Today I was given three books.  For someone who loves reading this is riches indeed.   Eye of the Songbird,  first book by NZ writer, musician, Michael Munro.  I know Michael because I mentored him over the writing of this novel.

Eye of the Songbird is about the conflict between environmentalist activism and state-politics – sound familiar?  Ranging from Antarctica to London to Hong Kong to Istanbul and here in NZ, the book opens in Antarctica.  The blurb says…
She’s the target.  The scientist he’s been told to bring down and here she is, swinging helpless in a crevasse in Antarctica.  What should KirkBarnby, secret service agent do?  Cut the rope?

When you work on a book with someone you and they get used to seeing it on the screen or on white A4 paper and then suddenly, it seems, after all this hard work from the writer, there’s the book.   Eye of the Songbird will be on sale in selected bookshops very soon.  Ask for it.

The next book is Toughen up, Andrew!  by Anne Manchester and its about a Pekinese.   Mary, who gave it to me, knows I used to always have a Pekinese dog or two around and that I love the breed so she thought I’d enjoy the book.   I love Pekinese because of their courage.  Its written for younger readers but Andrew’s just the kind of Peke who appeals to any age.   Published by Makaro Press.  You’d love it and once you’ve read it you can pass it on to nearest kid and pretend you bought it for them all along.

Talk of Treasure has the most wonderful cover, designed by Makaro Press – a woman walking along reading.  Jane Carswell, who wrote it, began her working life at Pegasus Press shortly after its audacious publication of Janet Frame;s novel, Owls Do Cry.  Here we have a book about the private world of reading and the noisy exterior work of publication. There’s only one thing better than reading and that’s reading about reading.

A Moral Truth, Ed: James Hollings, is about 150 years of investigative journalism in New Zealand.  It begins in 1863, with an excerpt, The First Shots, from NZ’s first independent Maori newspaper and traverses all the well-know and not so well-known investigations by journalists since then.  I read or re-read I suppose, the investigation into the Crew murders and was struck all over again by the dogged and determined seeking out of the truth by Pat Booth.  You will know some of the cases in this book but like me, you’ll find lots you didn’t know so much if indeed anything about.  Published by Massey University Press.
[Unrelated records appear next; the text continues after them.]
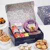 Make this Bhai Dooj truly memorable with this thoughtfully curated gourmet hamper. Presented in an elegant royal blue and gold box, it features indulgent treats to delight your sibling, rich Kaju Katli, buttery Danish Butter Cookies, crunchy Peri Peri Millet Mix, assorted sweets, and a mix of dry fruits. Completing the set is a traditional roli-chawal holder, adding a festive touch to the occasion. This luxurious hamper beautifully blends tradition and modern indulgence, making it the perfect way to celebrate the special bond you share with your brother.
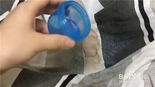 第一步:往纯棉床单上的陈旧血渍处倒上适量的洗衣液(洗衣液具有清洁去污的效果)。
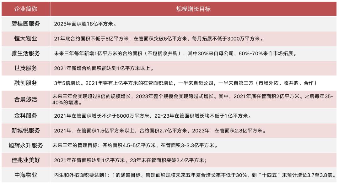 从企业端来看,迫切扩规模的需求,驱动企业发起并购。在年初,多家物企即披露了未来三至五年规模扩张目标,为全年的规模扩张提出指引。如,合景悠活在管规模3年8倍;世茂服务提出规模3年5倍;恒大物业2021年在管面积将破6亿平方米,合约面积不低于8亿平方米;碧桂园服务则表示2025年规模超18亿平方米等。
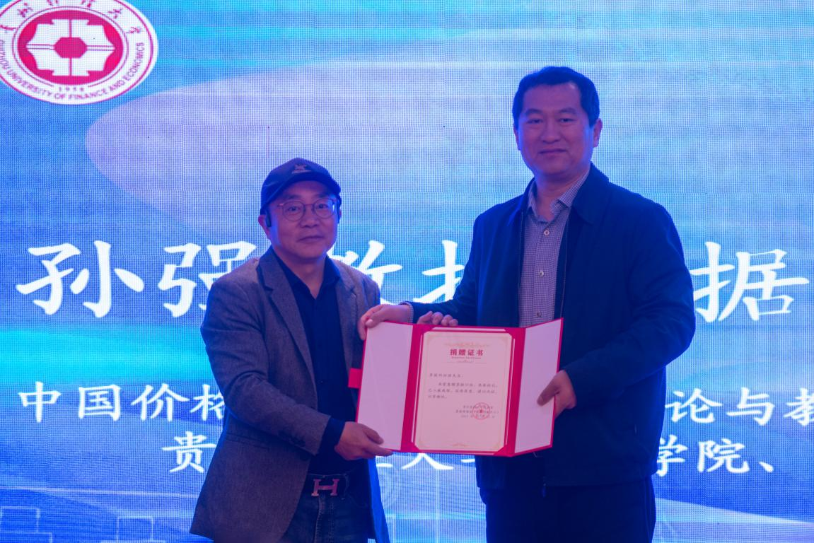 中国价格协会高校价格理论与教学研究会副会长、北方工业大学经济管理学院副院长孙强教授向我校捐赠地契等各类票据31份,我校图书馆、票据博物馆(票据研究中心)馆长杨帆代表票据博物馆接受捐赠并向孙强教授颁发捐赠证书。
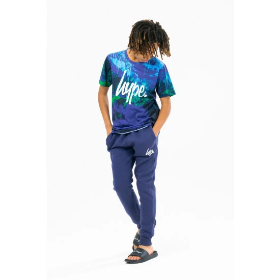 The Hype. Boys Navy Reef Spray Script Tee and Joggers Set is perfect for off-duty casual days. The t-shirt is designed in a 95% Poly, 5% Elastane fabric blend for a supreme comfortable feel and boasts an elasticated waistband and fitted cuffs.
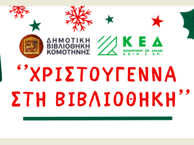 ΡΟΔΟΠΗΚομοτηνή: Χριστούγεννα στη Δημοτική Βιβλιοθήκη με δράσεις και εργαστήρια για μικρούς & μεγάλουςΚομοτηνή: Χριστούγεννα στη Δημοτική Βιβλιοθήκη με δράσεις και εργαστήρια για μικρούς & μεγάλους Μετάβαση στην ...By ΕΙΔΗΣΕΙΣ 24710 Δεκεμβρίου, 2025
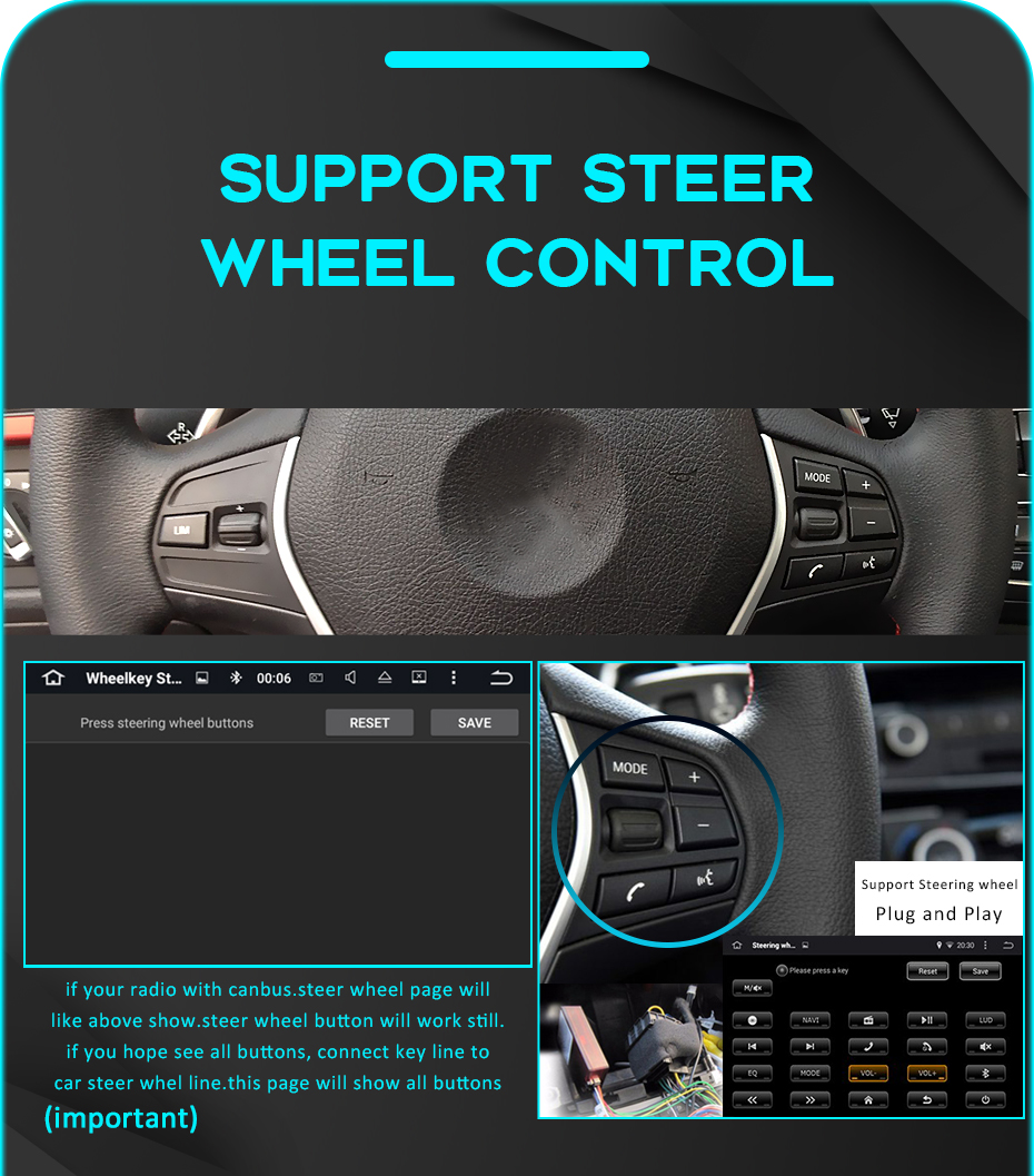 Функция управления поворотным колесом радиоподдержки. Пожалуйста, подключите ключевую линию к линии управления колесом автомобиля, затем ваши кнопки рулевого колеса автомобиля могут управлять нашим радио после установки радио.
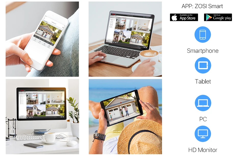 Просмотр в реальном времени или воспроизведение в любое время в любом месте на смартфоне, планшете, ПК и hd мониторе.

Unquiet Time by Colin James, published by Fraser Books,  is about Aotearoa New Zealand in a fast changing world.  Colin James describes a world in disorder as it rebalances politically, economically and demographically.  It looks at how technology is changing our world.  Colin James is a journalist and he writes a weekly newspaper column which he then sends out to his many readers of whom I am one.  Colin James is a senior associate of the Institute for Governance and Policy Studies, has an honorary doctorate from Victoria University,  is a life member of the Parliamentary Press Gallery and a life member of E Tu Union.  Pretty good mix there, don’t you think?

Hagseed by Margaret Atwood. Need I say more?